Clinical Trial Summary

The objective of this study is to screen treated Trichomonas vaginalis (TV) positive women weekly using culture and Polymerase Chain Reaction (PCR) to determine how long TV DNA is detectable post treatment and to examine potential confounders to clearance such as bacterial vaginosis.

Description:

Trichomonas vaginalis (TV), the most common sexually transmitted infection in the world, is associated with inflammation of the vagina, cervix, and urethra; low birth weight; preterm delivery; pelvic inflammatory disease; and may increase the risk of acquiring and transmitting genital herpes and HIV. Repeat infections are common, ranging from 5% - 31%, and have similar health outcomes as primary infections. Given the high prevalence of TV, the absence of a national screening program, the deleterious reproductive outcomes associated with TV and the potential for a TV infection to increase HIV transmission, reducing repeat TV infections is an important targeted public health approach.

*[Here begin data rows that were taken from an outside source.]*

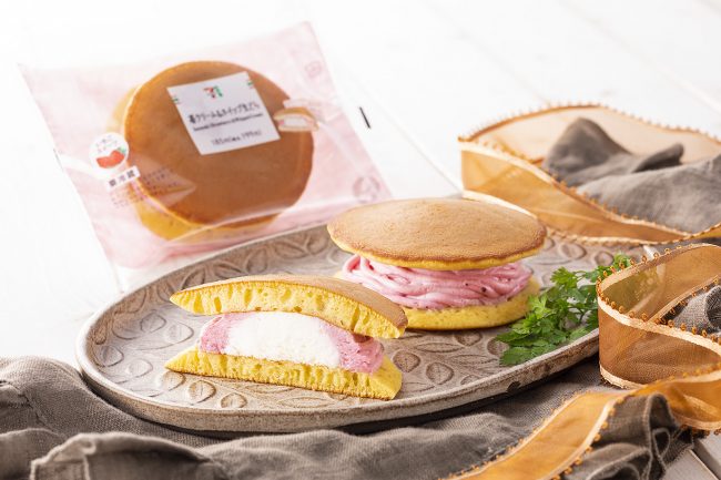 セブン‐イレブンの和菓子で人気の「生どら」と、昨年の「いちごの日」に販売した「苺モンブラン」を組み合わせた「苺クリーム&ホイップ生どら」 。同社の専用工場で銅板を使って焼き上げた生地は、隠し味に醬油等を加えることで和の風味を味わえる仕立てとなっている。発売日は1月1日(火)で199円。
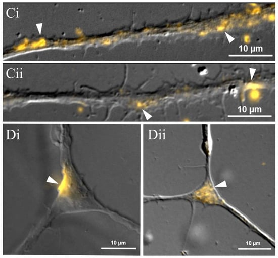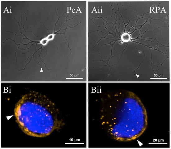 In the cultured regenerating motorneurons (Figure 5A), miR-124 was consistently expressed within the cell bodies of both PeA (n = 46, Figure 5(Bi)) and RPA (n = 41, Figure 5(Bii)) cell types. Once again, miR-124 clearly exhibited a perinuclear distribution within the soma, similar to the expression pattern we found in the ganglia. miR-124 was also detected within regenerating neurites of both PeA (Figure 5(Ci)) and RPA motorneurons (Figure 5(Cii)). Interestingly, miR-124 was expressed as individual punctae along the length of PeA and RPA neurites (Figure 5C). However, miR-124 was not consistently expressed in all neurites of either cell type, with its expression in RPA neurites being less frequent in comparison to PeA neurites (Figure 5C). Interestingly, miR-124 expression was often abundant in branch points of both PeA (Figure 5(Di)) and RPA (Figure 5(Dii)) neurites.
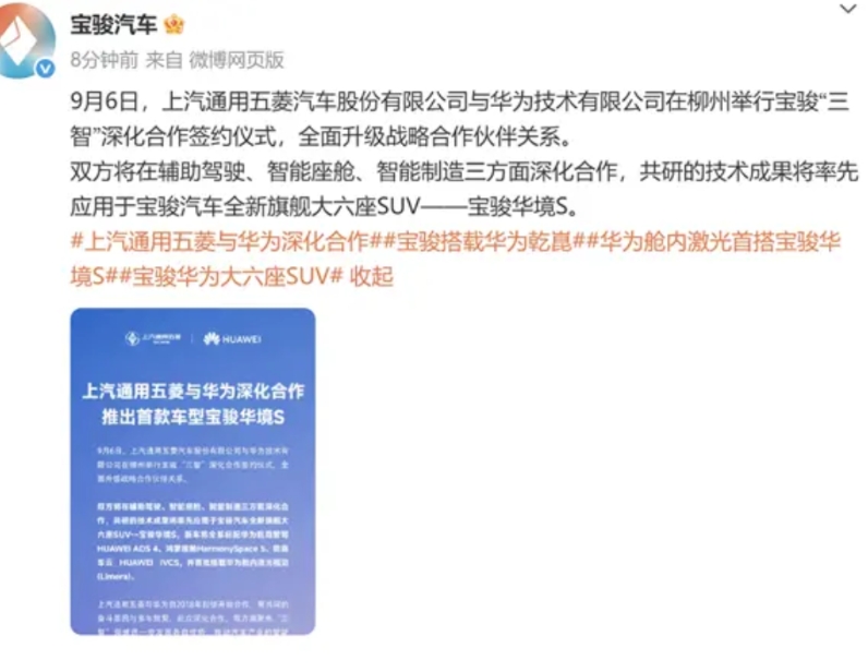 最便宜的华为系车型来了,宝骏华境S,满血版华为智能系统。 9月6日宝骏与华为在柳州签约,在智能驾驶、智能座舱、智能制造方面全面合作。 首款车型宝骏华境S,定位15万级,预计年内上市,全面搭载华为乾崑智驾ads4.0,鸿蒙座舱5,乾崑车云,激光雷达等。 上汽旗下已有上汽(尚界)、上汽奥迪与华为合作,并已推出车型尚界H5、上汽奥迪A5L,宝骏的加入可能再创神车奇迹。 大家觉得宝骏华境S平民化智驾能否成为爆款神车?
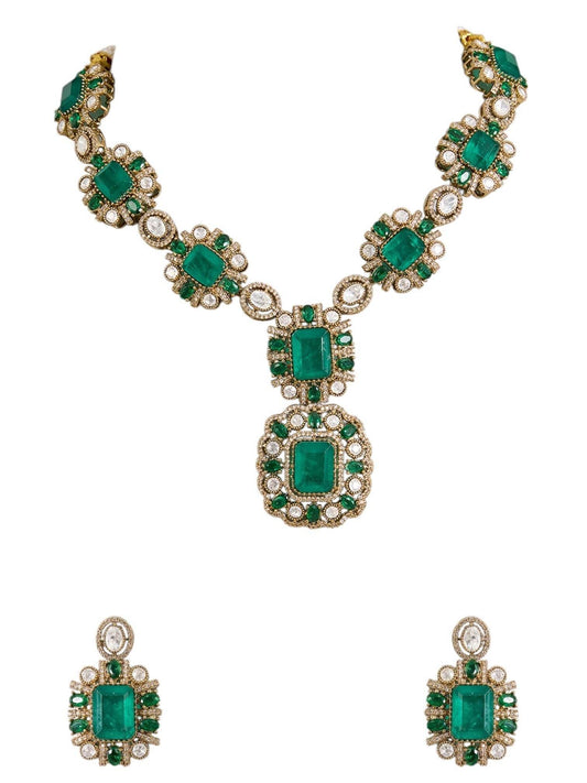 Gold Finish Kundan Polki & Emerald Stone Statement Necklace Set
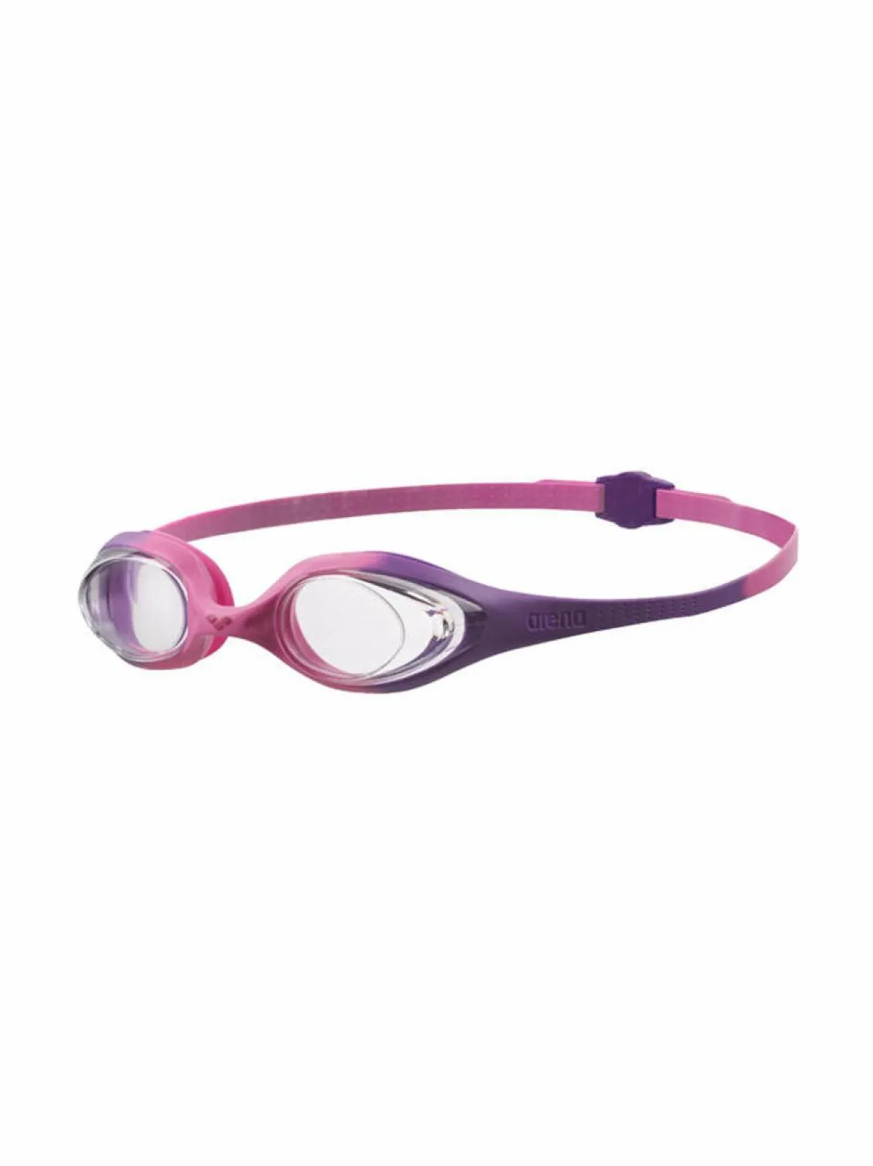 Pirteän ombre-värilliset kirkkaat uimalasit silikonihihnalla. Takana kireydensäätö.
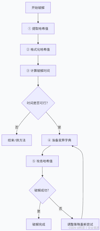 | ⑤ | 攻击哈希值 | 执行破解操作 | Hashcat、John the Ripper等 | 注意哈希值输入格式,确认算法类型 |
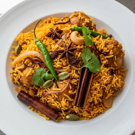 Exquisite Chicken Biryani: A Flavorful Culinary Presentation on Elegant Plate
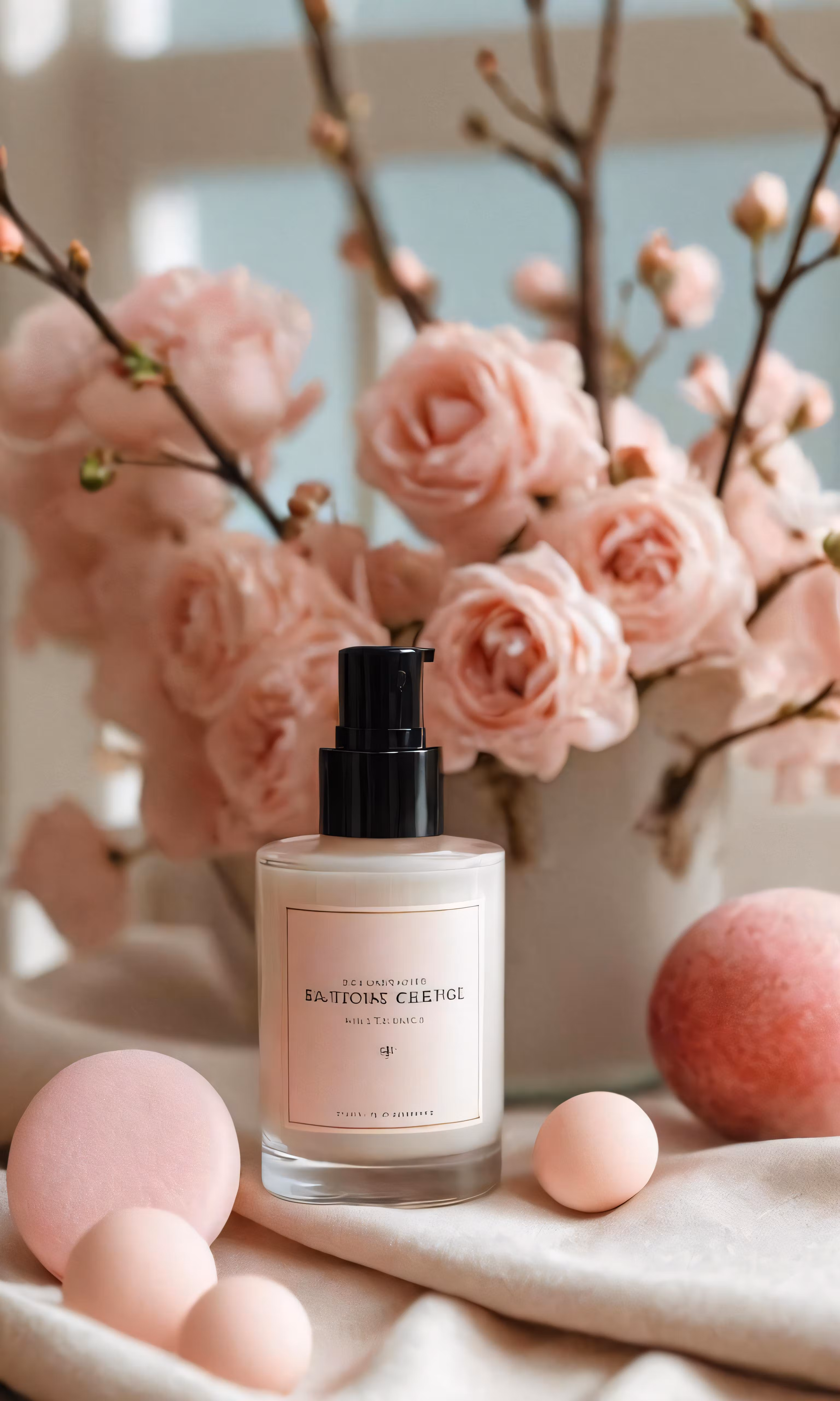 High resolution picture, free to use, pink flowers are in vase next to a candle and soap balls

However, rescreening for TV should not happen until there is sufficient time for the parasites and DNA to clear from the vaginal cavity after treatment. HIV negative women who attend Delgado Personal Health Center will be asked to enroll in the screening component in order to test them for TV using InPouch culture along with the standard TV screening of wet preparation. The objective of this study is to screen treated TV positive women weekly using culture and Polymerase Chain Reaction to determine how long TV DNA is detectable post treatment and to examine potential confounders to clearance such as bacterial vaginosis. The outcome of interest will be a negative PCR result indicating that TV DNA has cleared.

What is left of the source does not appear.